Doctor Divino Urbano Sin Igual - Capítulo 95
- Inicio
- Todas las novelas
- Doctor Divino Urbano Sin Igual
- Capítulo 95 - 95 Enviar Dinero
Tamaño de Fuente
Tipo de Fuente
Color de Fondo
95: Enviar Dinero 95: Enviar Dinero Yang Guang también tenía miedo de ser pobre.
¡Mientras hubiera una oportunidad de hacer fortuna, no quería perdérsela!
Sin embargo, era una lástima que aunque había muchas casas en este espacio en medio de la montaña, y los pabellones estaban construidos muy lujosamente, solo había vigas talladas y edificios pintados aquí, pero no había tesoros en absoluto.
Después de dar vueltas, no encontró oro ni plata.

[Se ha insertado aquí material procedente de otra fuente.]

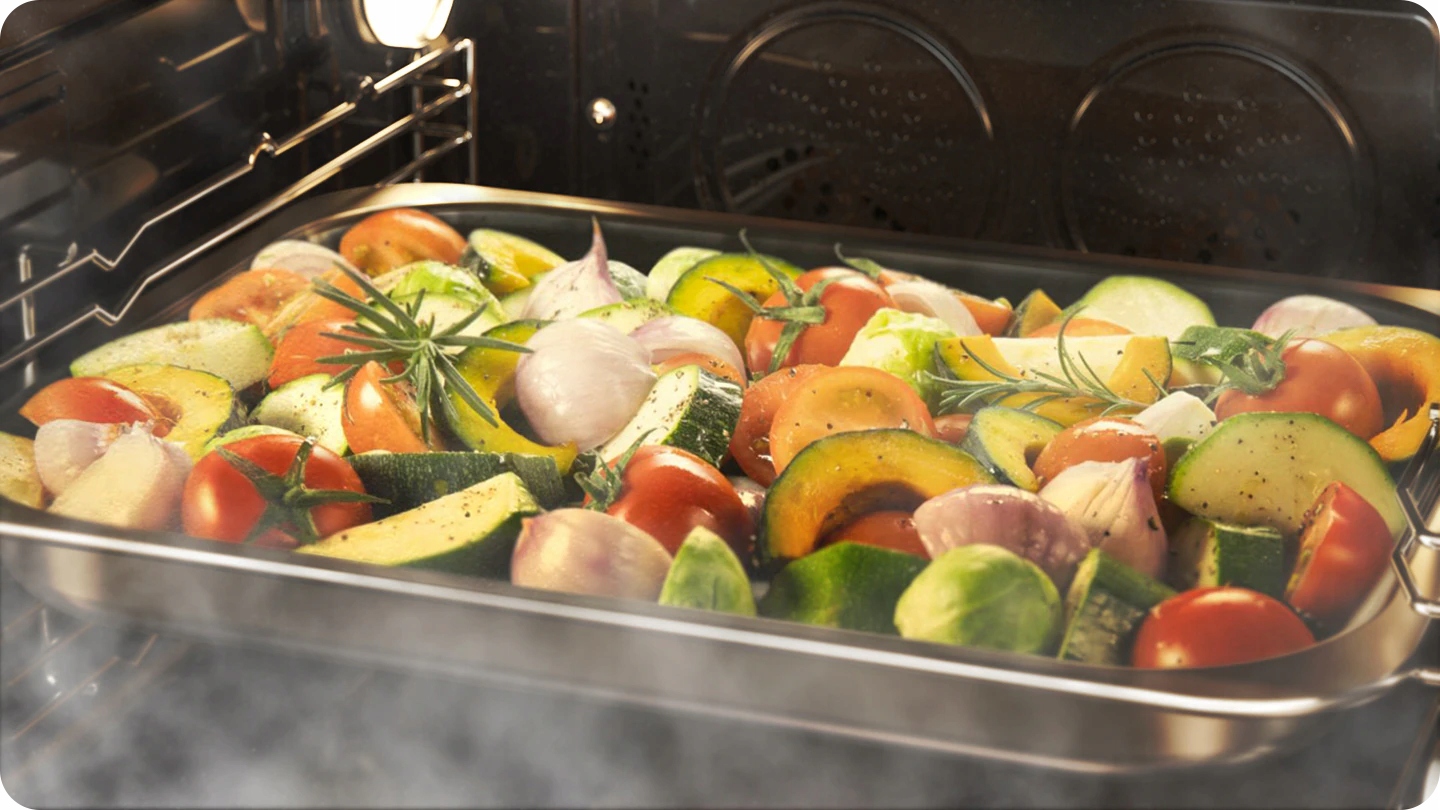 Радість випічки та пропарювання, щоб посуд зберігав свою соковитість. Dual Cook Steam ™ дозволяє приготувати здорові страви пари завдяки технології Steam Cook, при цьому випікаючи інші страви, використовуючи різні налаштування температури та часу. Додаткова функція - Парова допомога - під час випічки або запеченої - буде оточувати їжу та робити підготовлену страву ззовні ставати хрусткою та красиво підрум’яною, і в середній соковиті.

Yang Guang se sintió instantáneamente abatido.
Sintiendo su decepción, Xu Ling sonrió y dijo:
—Está bien, aunque no hay tesoros, este palacio en sí mismo sigue siendo un tesoro.

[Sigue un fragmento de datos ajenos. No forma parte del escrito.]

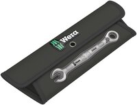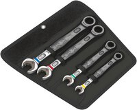 Hochwertiger Ringratschen-Maulschlüssel-Satz von Wera: Alles, was ein Schlüssel können muss. Und noch viel mehr. Schneller, besser, schöner. Eben ein echter Joker. Die neue Generation der Maul-Ringratschen-Schlüssel. 4-teiliger Satz in robuster Tasche. Für Sechskant-Schraubenköpfe bzw. -Muttern. Mit Haltefunktion durch Metallplatte im Maul, die die Gefahr des Verlierens von Schrauben und Muttern reduziert. Die auswechselbare Metallplatte im Maul sichert mit extra harten Zähnen Schrauben und Muttern und reduziert die Abrutschgefahr. Der integrierte Endanschlag kann das Abrutschen vom Schraubenkopf nach unten verhindern und ermöglicht das Aufbringen hoher Drehmomente. Die Doppelsechskantgeometrie sorgt für die formschlüssige Verbindung mit Schraube oder Mutter und damit für die Verringerung der Abrutschgefahr. Ein Rückschwenkwinkel von nur 30° auf der Maulseite vermeidet zeitintensives Wenden des Schlüssels beim Schrauben. Ratschenmechanik auf der Ringseite mit außergewöhnlich hoher Feinverzahnung von 80 Zähnen für Flexibilität auch in engen Bauräumen. Die spezielle Schmiedegeometrie sorgt für hohe Drehmomentübertragung und hohe Biegungssteifigkeit. Gefertigt aus leistungsfähigem Chrom-Molybdän-Stahl mit Nickel-Chrom Beschichtung für hohen Korrosionsschutz. Mit Werkzeugfinder Take it easy: Farbkennzeichnung nach Größen.

Créeme, una vez que se haga público, ¡podría conmocionar al mundo!
—Eh, conmocionar al mundo no se puede cambiar por dinero.
Yang Guang forzó una risa y continuó:
—Qué extraño.
¡No hay nada en absoluto en una casa tan grande!
—¿Quién sabe?
¡Tal vez hay algo que no sabemos!
Xu Ling dijo y luego lo miró.
—Está bien, volvamos a casa primero.
Su tono era suave.
Sabía que Yang Guang estaba de mal humor, así que lo estaba consolando.
Sin embargo, Yang Guang negó con la cabeza.
—No hay prisa.
¡Sentémonos afuera un rato!
Después de decir eso, los dos salieron y regresaron a la plataforma exterior.
Todavía no era mediodía, así que Xu Ling no tenía prisa por irse.
Por lo tanto, cuando vio a Yang Guang sentarse, se sentó a su lado.
Con las montañas y ríos a lo lejos y vagamente visible la vista del Pueblo Qingshan en el bosque, Yang Guang se volvió para mirar a Xu Ling y dijo:
—¿Puedo contratar este lugar para desarrollar el turismo por mi cuenta?
—Eh, me temo que va a ser un poco difícil.
Xu Ling pensó un momento y continuó:
—Pero no es imposible.
¡Puedo ayudarte un poco!
—¿Cómo?
—preguntó rápidamente Yang Guang, cuyo interés se había despertado.
—Puedes contratar esta montaña primero.
Cuando llegue el momento, incluso si el condado se encarga del desarrollo turístico, ¡seguirás siendo accionista aquí!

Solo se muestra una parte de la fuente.